Discurso no Senado Federal

PREOCUPAÇÕES E QUESTIONAMENTOS CONCERNENTES AO SISTEMA EDUCACIONAL BRASILEIRO. COMENTANDO AS MUDANÇAS NA ESTRUTURA CURRICULAR ANUNCIADA PELO MINISTERIO DA EDUCAÇÃO. PROJETO DE LEI DO SENADO 201/96, DE SUA AUTORIA, QUE INSTITUI A BOLSA-CIDADÃO.

Autor
Renan Calheiros (PMDB - Movimento Democrático Brasileiro/AL)
Nome completo: José Renan Vasconcelos Calheiros
Casa
Senado Federal
Tipo
Discurso
Resumo por assunto
EDUCAÇÃO.:
  • PREOCUPAÇÕES E QUESTIONAMENTOS CONCERNENTES AO SISTEMA EDUCACIONAL BRASILEIRO. COMENTANDO AS MUDANÇAS NA ESTRUTURA CURRICULAR ANUNCIADA PELO MINISTERIO DA EDUCAÇÃO. PROJETO DE LEI DO SENADO 201/96, DE SUA AUTORIA, QUE INSTITUI A BOLSA-CIDADÃO.
Publicação
Publicação no DSF de 22/08/1997 - Página 17078
Assunto
Outros > EDUCAÇÃO.
Indexação
  • INFERIORIDADE, INDICE, BRASIL, AVALIAÇÃO, EDUCAÇÃO, RELATORIO, PROJETO DAS NAÇÕES UNIDAS PARA O DESENVOLVIMENTO (PNUD), DESENVOLVIMENTO, HOMEM, GRAVIDADE, SITUAÇÃO, REGIÃO NORDESTE.
  • ANALISE, PROVIDENCIA, GOVERNO, AMBITO, EDUCAÇÃO, DEFESA, PRIORIDADE, VALORIZAÇÃO, PROFESSOR, COMPARAÇÃO, INVESTIMENTO, INFORMATICA.
  • COMENTARIO, PESQUISA, EDUCAÇÃO, MUNDO, ANALISE, SUGESTÃO, MELHORIA, METODOLOGIA, ENSINO.
  • COMENTARIO, ALTERAÇÃO, ESTRUTURAÇÃO, CURRICULO, ENSINO DE SEGUNDO GRAU, OBJETIVO, CONTINUAÇÃO, ENSINO SUPERIOR, NECESSIDADE, ATENÇÃO, ALUNO, INGRESSO, MERCADO DE TRABALHO.
  • DEFESA, IMPLEMENTAÇÃO, PROGRAMA, RENDA MINIMA, POPULAÇÃO CARENTE, VINCULAÇÃO, ASSIDUIDADE, MENOR, ESCOLA PUBLICA, PARTICIPAÇÃO, PROJETO, COMUNIDADE, TREINAMENTO, MÃO DE OBRA.

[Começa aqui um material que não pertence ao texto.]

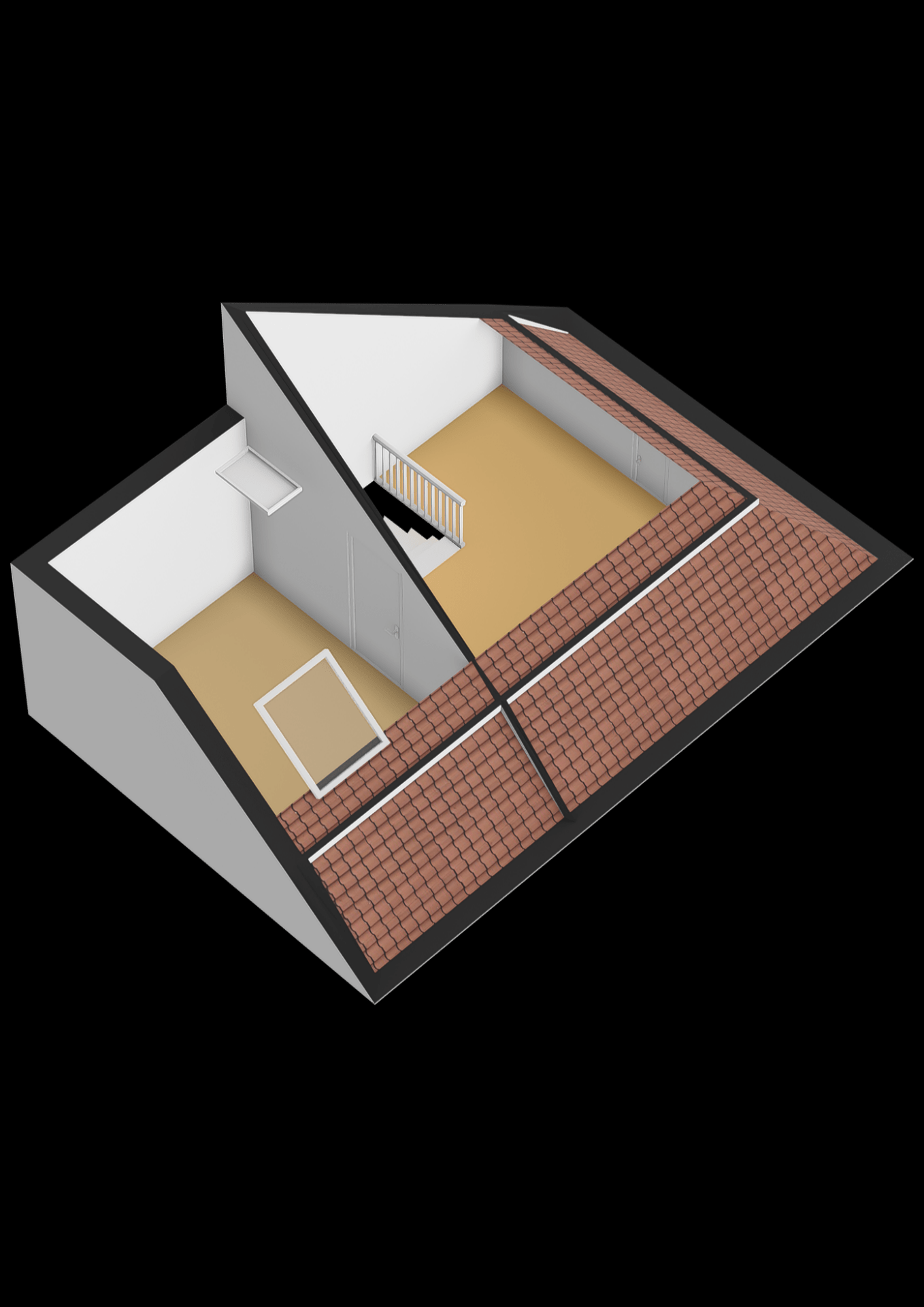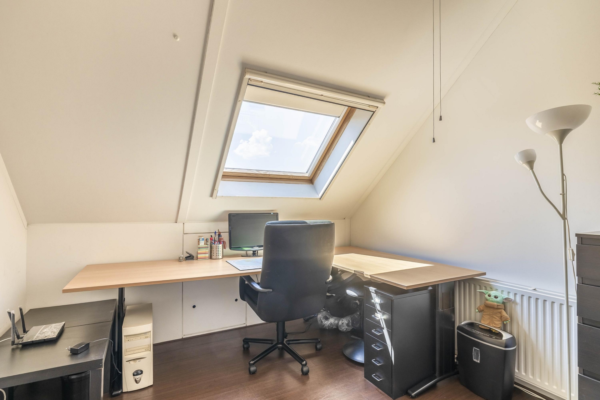 Voorzolder met wasmachine- en drogeraansluitingen en knieschotten voor extra bergruimte. Ruime slaapkamer aan de voorzijde (momenteel in gebruik als kantoor) met eveneens een Velux dakraam en toegang tot de bergvliering.

O SR. RENAN CALHEIROS (PMDB/AL. Pronuncia o seguinte discurso. Sem revisão do orador.) - Sr. Presidente, Srªs e Srs. Senadores, em um mundo cada vez mais globalizado, informatizado e competitivo, o conhecimento, a informação, enfim, aquilo que os especialistas chamam de capital intelectual impõe-se como fator decisivo para a produtividade, a riqueza das nações e a democratização das oportunidades de trabalho e de bem-estar social.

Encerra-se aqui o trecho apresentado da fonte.